Review: The Girl with The Dragon Tattoo (2011)
I always knew about the popular book series and foreign films of the same name but never actually took the time to read them or watch the films. However, when I heard David Fincher was attached to direct the re-imagination for American audiences, my interest was peaked. Fincher's ability as a director to tell a story and his artistic take on everything has always managed to captivate me, and he did just that with this film as well. This film however may also have some of the most graphic scenes out of all of his films, which could certainly turn people off from the film quickly. The script is penned beautifully by Steve Zaillian who also penned the script for Fincher's The Social Network. This film falls more in line with Fincher's Seven and Zodiac. It has the same dark tone as those thriller films, and even a similar serial killer but the long running time can be hard to swallow.

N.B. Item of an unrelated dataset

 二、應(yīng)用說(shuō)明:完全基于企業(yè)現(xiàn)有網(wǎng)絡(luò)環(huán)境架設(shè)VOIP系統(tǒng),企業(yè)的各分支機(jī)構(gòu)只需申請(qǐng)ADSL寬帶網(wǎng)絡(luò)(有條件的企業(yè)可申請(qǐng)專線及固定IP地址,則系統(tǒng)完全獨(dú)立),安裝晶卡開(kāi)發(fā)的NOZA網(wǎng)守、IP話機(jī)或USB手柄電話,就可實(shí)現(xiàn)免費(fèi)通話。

The plot is a very intricate one and at first can be hard to follow due to how fast it moves. It follows journalist Mikael Blomkvist (Daniel Craig) as we see him in the midst of trouble that has been been brought against him by a corrupt businessman Hans-Erik Wennerstrom. Mikael and the magazine that he works now owe Wennerstrom a substantial amount of money. In the midst of this we are then shown the interestingly damaged Lisbeth Salander (Rooney Mara) has compiled an extensive background check on Blomkvist for Henrik Vanger. Henrik is the retired CEO of Vanger Industries and is looking into Blomkvist to possibly work a job for him. Lisbeth explains that she believes Blomkvist to be as she says "clean." Meaning that some of the defaming claims that he is receiving thanks to Wennerstrom are not entirely true.

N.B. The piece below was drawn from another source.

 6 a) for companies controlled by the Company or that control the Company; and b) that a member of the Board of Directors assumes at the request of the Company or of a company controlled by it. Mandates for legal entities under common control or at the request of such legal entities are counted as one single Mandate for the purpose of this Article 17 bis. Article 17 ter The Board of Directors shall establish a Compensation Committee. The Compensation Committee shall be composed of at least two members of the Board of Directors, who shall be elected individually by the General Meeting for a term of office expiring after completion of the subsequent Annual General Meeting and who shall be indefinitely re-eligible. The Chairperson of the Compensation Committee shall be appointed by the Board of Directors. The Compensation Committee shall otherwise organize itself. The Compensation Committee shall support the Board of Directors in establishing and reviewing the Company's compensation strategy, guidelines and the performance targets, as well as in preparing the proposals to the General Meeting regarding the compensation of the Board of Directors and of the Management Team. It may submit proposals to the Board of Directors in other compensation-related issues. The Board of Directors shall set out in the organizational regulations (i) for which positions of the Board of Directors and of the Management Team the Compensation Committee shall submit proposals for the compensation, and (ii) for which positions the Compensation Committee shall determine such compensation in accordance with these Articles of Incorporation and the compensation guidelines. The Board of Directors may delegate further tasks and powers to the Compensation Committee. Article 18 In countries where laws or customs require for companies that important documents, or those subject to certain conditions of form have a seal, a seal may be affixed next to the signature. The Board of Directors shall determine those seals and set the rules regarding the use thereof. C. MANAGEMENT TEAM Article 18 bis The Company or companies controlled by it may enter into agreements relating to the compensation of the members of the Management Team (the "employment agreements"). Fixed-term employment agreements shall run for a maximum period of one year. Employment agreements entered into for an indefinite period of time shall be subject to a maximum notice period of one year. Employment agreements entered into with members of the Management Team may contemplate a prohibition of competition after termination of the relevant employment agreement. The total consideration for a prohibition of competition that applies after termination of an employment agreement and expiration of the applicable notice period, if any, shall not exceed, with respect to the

Mikael is then contacted by Vanger's lawyer who summons him to Vanger's remote island to meet Henrik. Henrik offers Mikael a job, one that entitles Mikael to look into a missing person's case that is forty years old and has haunted Henrik for that long. The missing person is Harriet Vanger, Henrik's niece, and he believes that someone in the family murdered her forty years ago. He is haunted by the killer sending him pressed flowers, the same way Harriet used to on every one of his birthdays which leads him to believe they are from his killer. Mikael feels that it is an interesting case, but is still reluctant to take the job even despite the large amount of money Henrik is willing to offer. It is then that Henrik offers Mikael the very thing that will really interest him, which is damning information on Wennerstrom as he originally got his start at Vanger Industries. This immediately peaks Mikael's interest as the information Henrik holds could potential wipe his slate clean. The film also really takes off at this point as Mikael is shown to be a really talented investigator and the deeper he gets the more dangerous it becomes. He eventually asks for help, and his help turns out to be the very person that looked into him so extensively, Lisbeth Salander. Lisbeth's research abilities and computer hacking skills prove to be very helpful to Mikael.
If I saw this movie earlier, I would have without a doubt found a spot for it on my top films of 2011 list. Rooney Mara's performance as Lisbeth Salander is worth watching and she rightfully is up for the Best Actress award for the year. She does a terrific job of displaying how damaged her character is with an undertone of violence and a certain sexual presence all at once. Daniel Craig also does a terrific job as Mikael Blomkvist making him into a very likable character that we immediately can care for. He also plays Mikael with a certain damaged kind of quality that we all can sort of sympathize with. The long running time of the film can lose some, and even the slow beginning but when it picks up, it really does pick up full throttle. The score composed by Trent Reznor and Atticus Ross is also a very good one, and to no surprise they are up for an award for their work on this film. The creepy credits sequence mixed with their take on Led Zeppelin's Immigrant Song fits perfectly with the odd, Gothic tone of the film while also giving the viewer a glimpse into how disturbing the film will be. The film has one scene in particular that is incredibly brutal, disturbing and violent that may seem pointless to the main story but does provide character development for Lisbeth. David Fincher and Steve Zaillian again manage to create a terrific film together.